The current study has several important strengths, including the use of a large racially diverse cohort with NASH‐specific coding. However, our data set relied on ICD‐10 coding; thus, we were unable to evaluate histologic data or laboratory parameters related to NASH or severity of NASH. The NIS also does not capture coding from the outpatient setting, where the majority of NAFLD cases are managed.

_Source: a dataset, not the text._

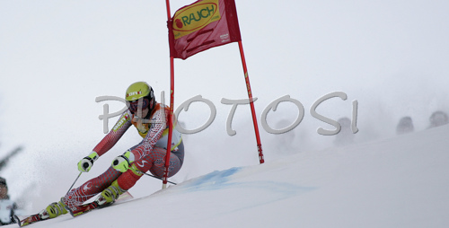 : Winner Nicole Hosp of Austria skiing in second run of Women Alpine skiing giant slalom FIS World Cup in Kranjska Gora, Slovenia. Golden Fox trophy was held in on 6th of January 2007 in in Kranjska Gora, Slovenia, as replacement for Maribor, Slovenia, where organizers couldnt prepare track due high temperatures.
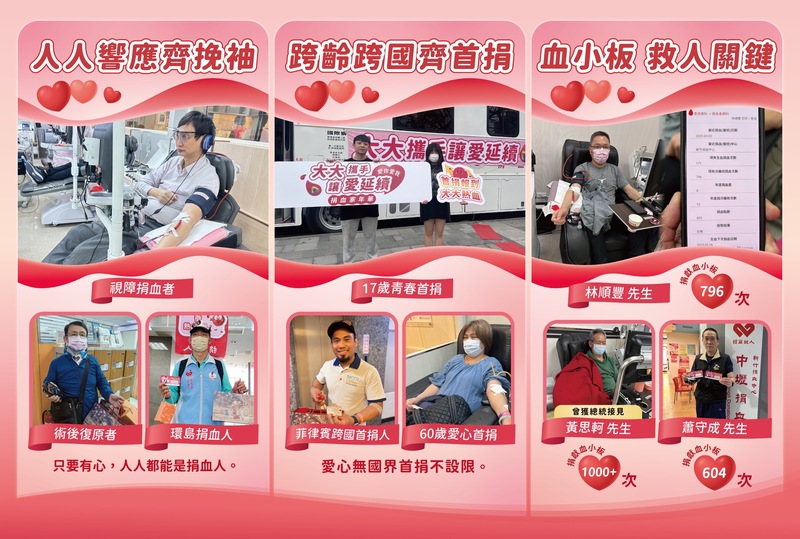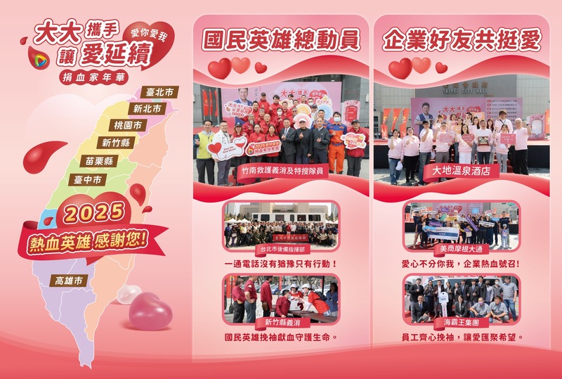 捐血活動由台北市、新北市、桃園市、新竹縣、苗栗縣、台中市及高雄市7縣市接力響應,感謝許多國民英雄及企業好友熱血號召一同加入捐血行列,臺北市後輩指揮部、竹南救護義消及特搜隊員們,一通電話沒有猶豫挽袖獻血,把保家衛國的精神延續為守護生命的溫柔行動。而企業好友們也愛心不落人後,感謝大地溫泉酒店 王雪梅董事長、美商摩根大通台灣區 錢國維總裁、海霸王集團 莊自立董事長及聯聚建設等企業員工都齊心挽袖,讓愛匯聚希望令人感動。

Inpatients may have abnormal liver tests for other reasons, with potential miscoding as NAFLD/NASH, although such miscoding is unlikely to differ by PCOS status. Depending on the indication for hospital admission, particularly for liver‐related events, PCOS may not be deemed relevant for inclusion as a discharge diagnosis. Thus, the prevalence of NASH among reproductive‐age women with PCOS is likely underestimated. Despite these concerns, notable differences in the risk of NASH by PCOS status were observed.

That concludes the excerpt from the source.